I am trying to use a Shared List that will update scraped information from Selenium so i can later export this info or use it how i chose. For some reason it is giving me this error: NameError: name 'scrapedinfo' is not defined...
This is really strange to me because i declared the list Global AND I used the multiprocessing.Manager() to create the list. I have double checked my code many times and it is not a case sensitive error. I also tried to past the list through the functions as a variable but this created other problems and did not work. Any help is greatly appreciated!
from selenium import webdriver
from multiprocessing import Pool
def browser():
driver = webdriver.Chrome()
return driver
def test_func(link):
driver = browser()
driver.get(link)
def scrape_stuff(driver):
#Scrape things
scrapedinfo.append(#Scraped Stuff)
def multip():
manager = Manager()
#Declare list here
global scrapedinfo
scrapedinfo = manager.list()
links = ["https://stackoverflow.com/", "https://signup.microsoft.com/", "www.example.com"]
chunks = [links[i::3] for i in range(3)]
pool = Pool(processes=3)
pool.map(test_func, chunks)
print(scrapedinfo)
multip()
In Windows, multiprocessing executes a new python process and then tries to pickle/unpickle a limited view of the parent state for the child.
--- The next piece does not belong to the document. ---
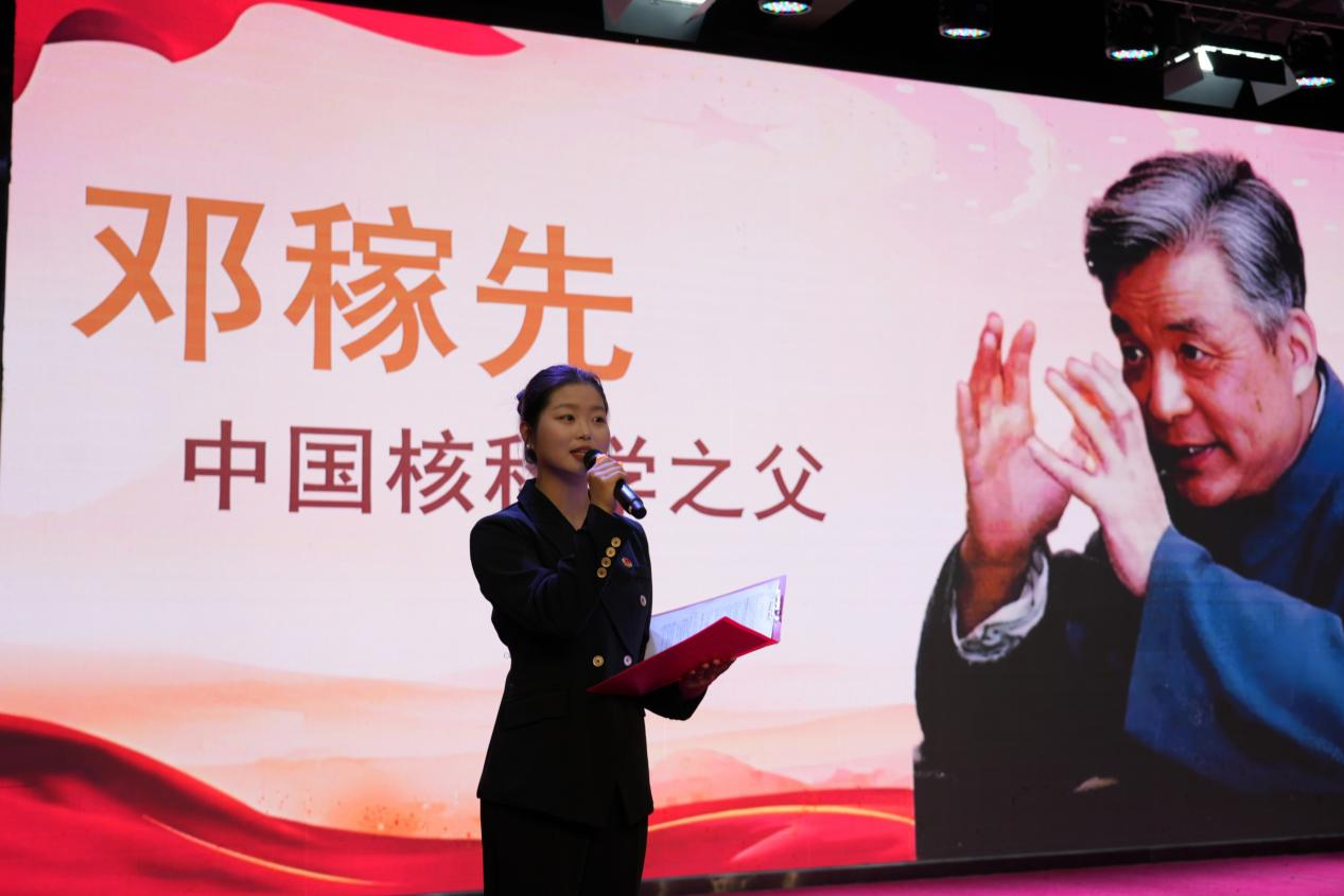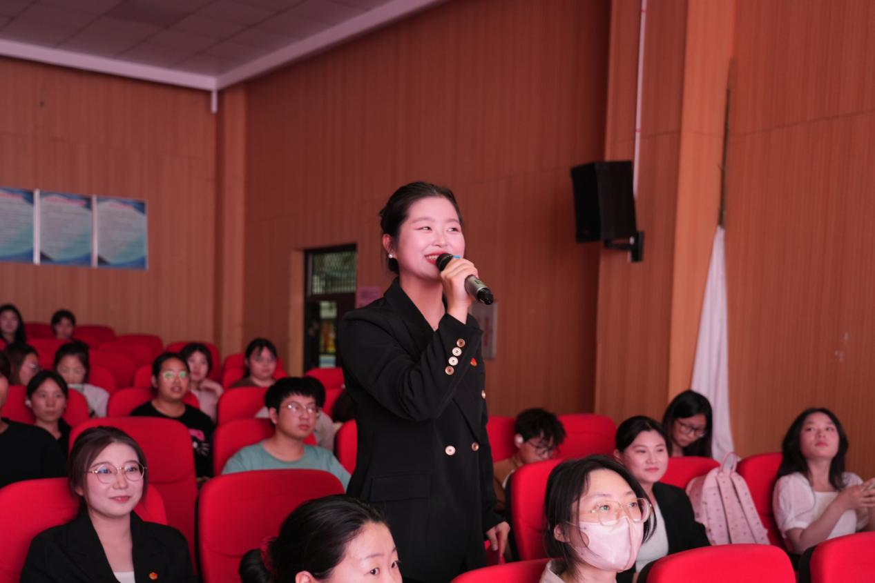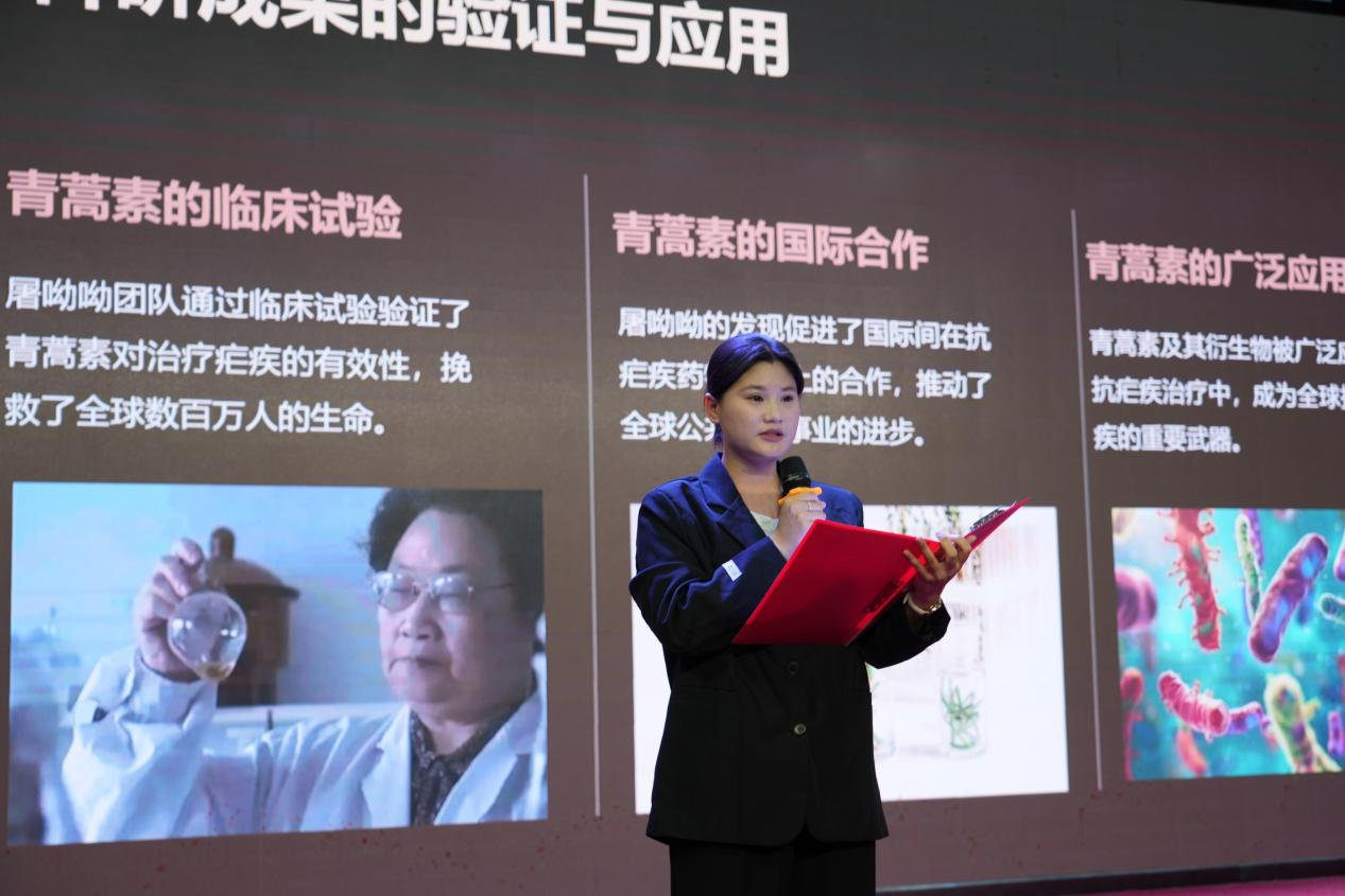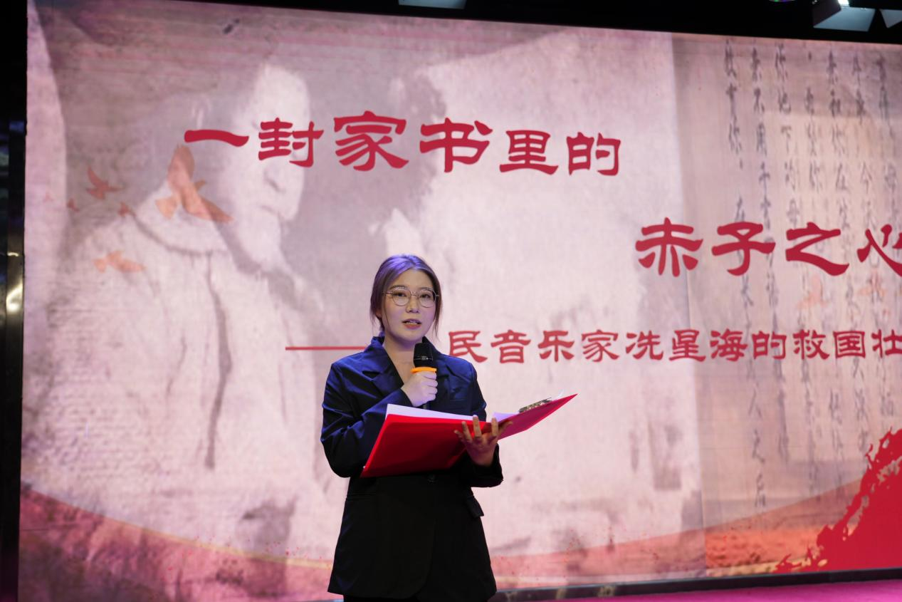 几位宣讲人依次登台。她们怀着敬仰之情,深情地讲述着一个又一个的英雄故事,引领着现场师生“穿越”到那战火纷飞、热血激昂的峥嵘岁月。

Global variables that are not passed in the map
call are not included. scrapedinfo
is not created in the child and you get the error.
One solution is to pass scrapedinfo
in the map call. Hacking down to a quick example,
from multiprocessing import Pool, Manager
def test_func(param):
scrapedinfo, link = param
scrapedinfo.append("i scraped stuff from " + str(link))
def multip():
manager = Manager()
global scrapedinfo
scrapedinfo = manager.list()
links = ["https://stackoverflow.com/", "https://signup.microsoft.com/", "www.example.com"]
chunks = [links[i::3] for i in range(3)]
pool = Pool(processes=3)
pool.map(test_func, list((scrapedinfo, chunk) for chunk in chunks))
print(scrapedinfo)
if __name__=="__main__":
multip()
But you are doing more work than you need to with the Manager. map
passes the worker's return value back to the parent process (and handles chunking). So you could do:
from multiprocessing import Pool, Manager
def test_func(link):
return "i scraped stuff from " + link
def multip():
links = ["https://stackoverflow.com/", "https://signup.microsoft.com/", "www.example.com"]
pool = Pool(processes=3)
scrapedinfo = pool.map(test_func, links)
print(scrapedinfo)
if __name__=="__main__":
multip()
And avoid the extra processsing of a clunky list proxy.